The bigger claim: for centuries, expertise was accumulated knowledge — the doctor or lawyer who’d read and seen the most. AI makes that particular edge nearly worthless, because pattern-recognition across vast data is now available to anyone. What’s left, the one thing AI can’t do, is connect: persuade one specific person by reading what’s beneath the surface and adjusting the tone, the pause, the look. His proof is a moment Harvey didn’t predict — a Barrett question he answered by simply looking at her and trying to understand her worry. The closing question he leaves the audience: not “will you be replaced?” but “what is the irreducibly human thing that you do?” Go deeper into that.

Key Takeaways

  • A custom AI trained on 25 years of every Supreme Court justice’s questions and written opinions predicted the justices’ actual questions in a major case, sometimes near-verbatim, including a likely “escape route” reasoning path for the chief justice.
  • The “get to” vs “got to” reframe: swapping obligation language for privilege language reframes performance anxiety into purpose.

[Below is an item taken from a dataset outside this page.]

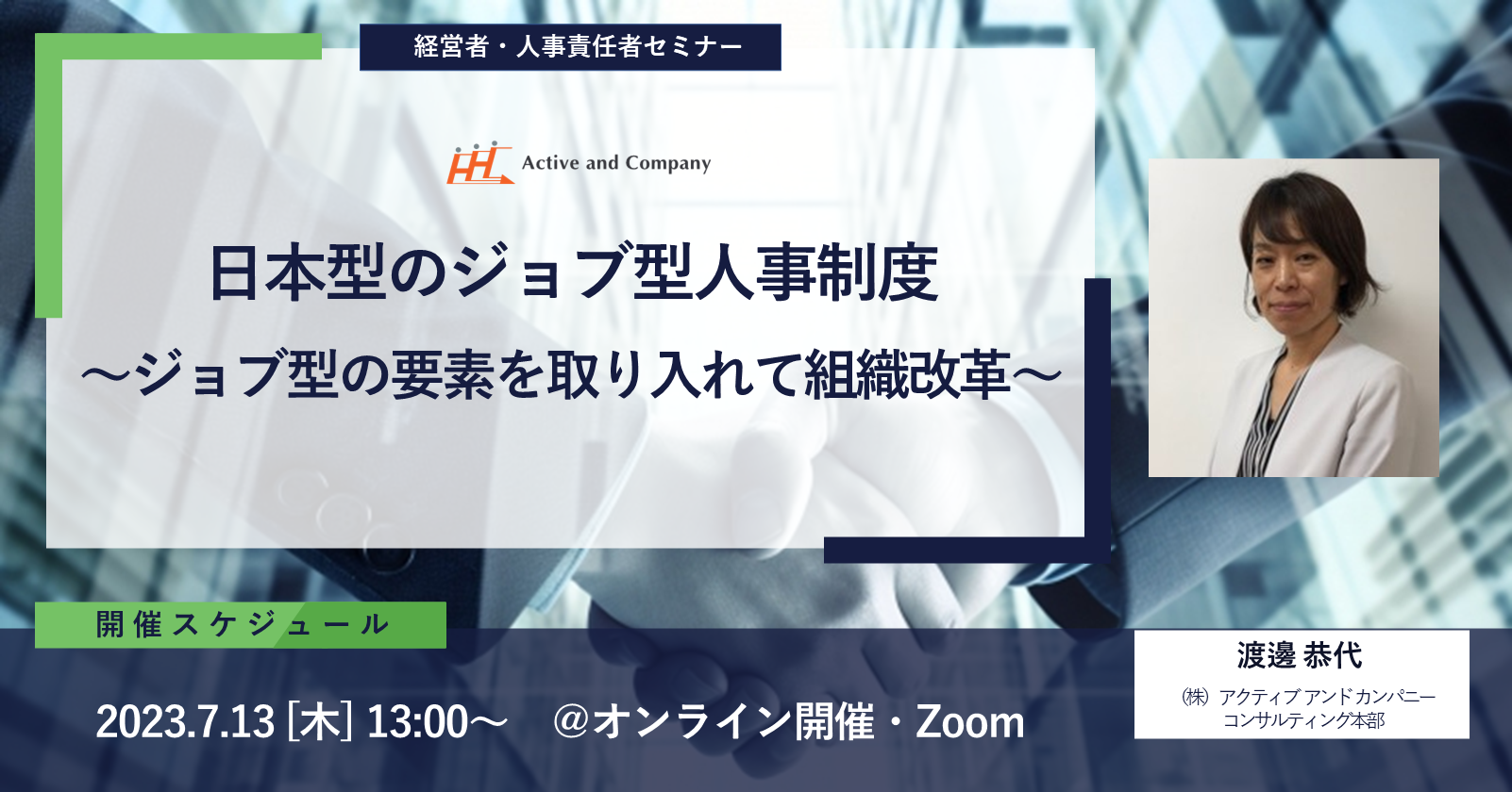 本セミナーでは、日本企業にあったジョブ型の要素を取り入れた人事制度をどのように設計・活用して組織をマネジメントをするか紹介します。

A one-word mental edit, not a personality change.
  • Imposter syndrome ignores your track record and feeds only on your doubts — winning more does not dissolve it.
  • The improv principle “yes, and” applied to high-stakes argument: validate the questioner’s concern first, then bridge to your point. Turns interrogation into dialogue.
  • A judge’s predictability is best read as integrity (consistent principles), not as a weakness to be gamed.
  • The shadow side of powerful tools is deference: “the computer says so” shuts off human judgment. Treating AI as a sparring partner rather than an oracle is the guard against this.
  • AI is commoditizing the historical expert advantage — breadth of accumulated knowledge and pattern recognition. The remaining human edge is real-time connection: reading one person beneath the surface and adjusting delivery to them.

Claude’s Take

This is a polished, well-built TED talk and the central structural trick — four “teachers,” three human, one secretly an AI — is genuinely effective. The “get to / got to” reframe and the “yes, and” point are small but real, the kind of thing you can actually use.

Two things to flag. First, the case itself: as of this talk’s framing, Katyal presents a clean six-to-three win striking down the tariffs as settled history. Treat the legal specifics as his account, told by the winning advocate, not a neutral record. Second, and more important, Harvey is a product. Katyal built it “with a legal AI company,” and the real-world company named Harvey is a well-funded legal-AI startup. So this is partly a very good product demo wearing a humanist message. The humanist message (“AI predicts, humans connect”) is comforting and probably half-true, but notice it’s being delivered by someone whose whole pitch is that the AI nailed the predictions. The “connection won it” claim rests on a single anecdote (the one Barrett question Harvey missed) and is essentially unfalsifiable — we can’t rerun the case without the AI.

Scored a 7: strong craft, a couple of portable ideas, honest enough to name AI’s “fold like a lawn chair” failure mode. Docked for being thinner than it looks once you separate the genuine insight from the implicit advertisement.